— What is expected —
Determine how many lines of this material contain "have". Give only the number.

— Input material —
....
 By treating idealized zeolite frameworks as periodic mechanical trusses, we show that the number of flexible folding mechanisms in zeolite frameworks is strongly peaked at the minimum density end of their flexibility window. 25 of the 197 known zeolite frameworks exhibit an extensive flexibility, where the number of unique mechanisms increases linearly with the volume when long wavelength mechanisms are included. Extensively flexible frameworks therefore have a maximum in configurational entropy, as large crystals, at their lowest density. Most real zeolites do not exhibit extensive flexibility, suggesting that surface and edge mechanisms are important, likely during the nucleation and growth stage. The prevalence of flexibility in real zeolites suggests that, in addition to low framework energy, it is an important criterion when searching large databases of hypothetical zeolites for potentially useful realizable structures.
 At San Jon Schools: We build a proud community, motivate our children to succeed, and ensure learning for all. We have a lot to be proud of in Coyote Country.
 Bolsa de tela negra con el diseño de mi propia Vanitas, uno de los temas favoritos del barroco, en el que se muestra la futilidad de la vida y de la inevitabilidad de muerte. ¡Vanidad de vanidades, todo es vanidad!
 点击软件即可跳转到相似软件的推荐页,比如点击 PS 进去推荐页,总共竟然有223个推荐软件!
....
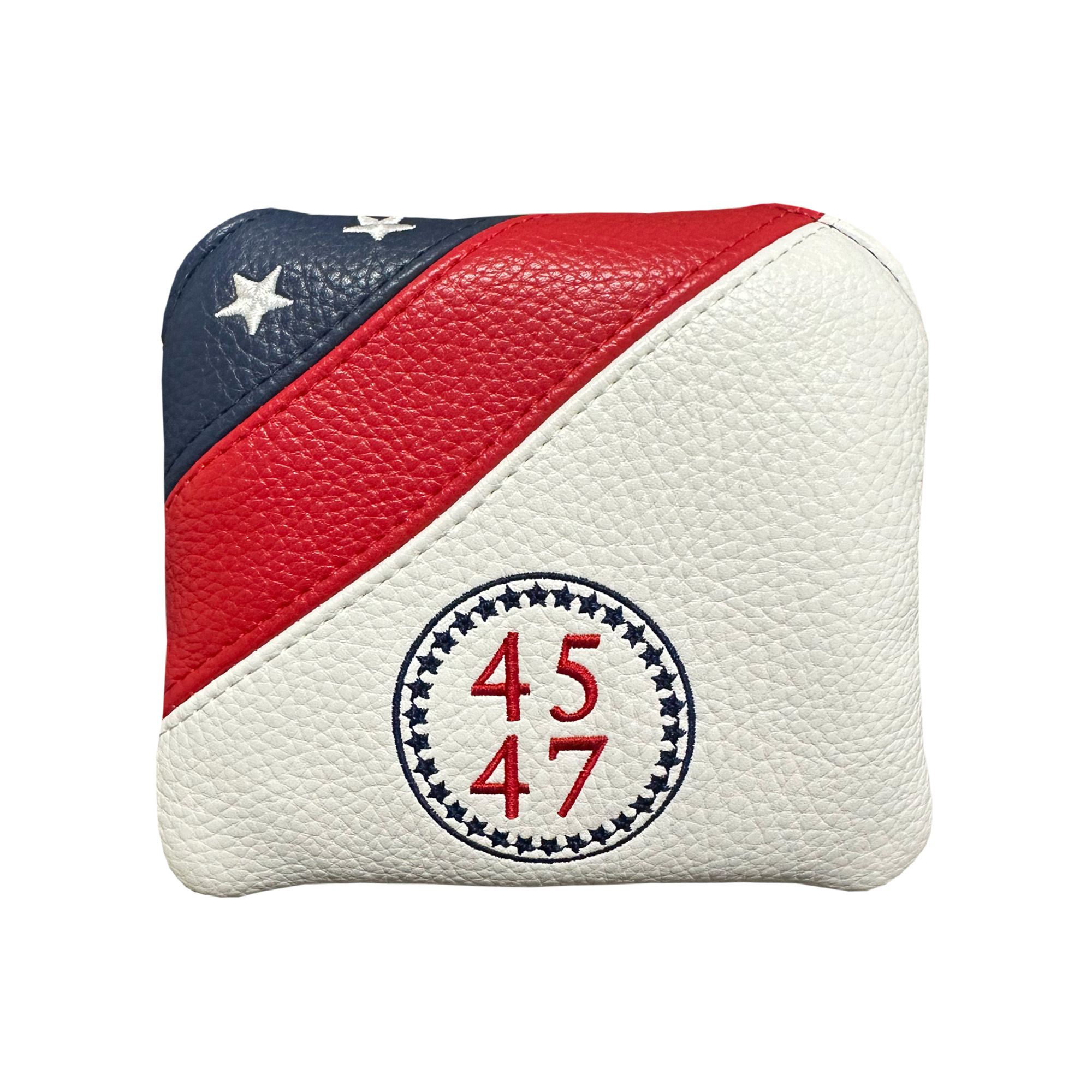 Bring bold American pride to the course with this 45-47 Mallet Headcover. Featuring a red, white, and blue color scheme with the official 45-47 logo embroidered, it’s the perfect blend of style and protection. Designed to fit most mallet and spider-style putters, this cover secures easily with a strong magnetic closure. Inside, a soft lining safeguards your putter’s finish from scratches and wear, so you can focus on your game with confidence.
....
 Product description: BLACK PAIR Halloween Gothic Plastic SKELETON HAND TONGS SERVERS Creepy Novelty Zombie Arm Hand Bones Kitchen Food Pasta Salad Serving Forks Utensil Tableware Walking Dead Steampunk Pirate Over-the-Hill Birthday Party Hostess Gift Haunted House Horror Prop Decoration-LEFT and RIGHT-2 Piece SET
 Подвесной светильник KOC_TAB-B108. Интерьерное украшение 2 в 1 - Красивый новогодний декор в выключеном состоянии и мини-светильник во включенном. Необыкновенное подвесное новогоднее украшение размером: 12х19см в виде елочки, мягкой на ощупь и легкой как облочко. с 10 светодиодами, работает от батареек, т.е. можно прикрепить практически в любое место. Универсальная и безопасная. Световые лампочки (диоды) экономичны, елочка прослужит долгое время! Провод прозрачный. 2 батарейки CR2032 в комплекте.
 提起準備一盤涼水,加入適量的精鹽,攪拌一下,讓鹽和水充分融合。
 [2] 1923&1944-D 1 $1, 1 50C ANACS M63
....
— Output of the task —
2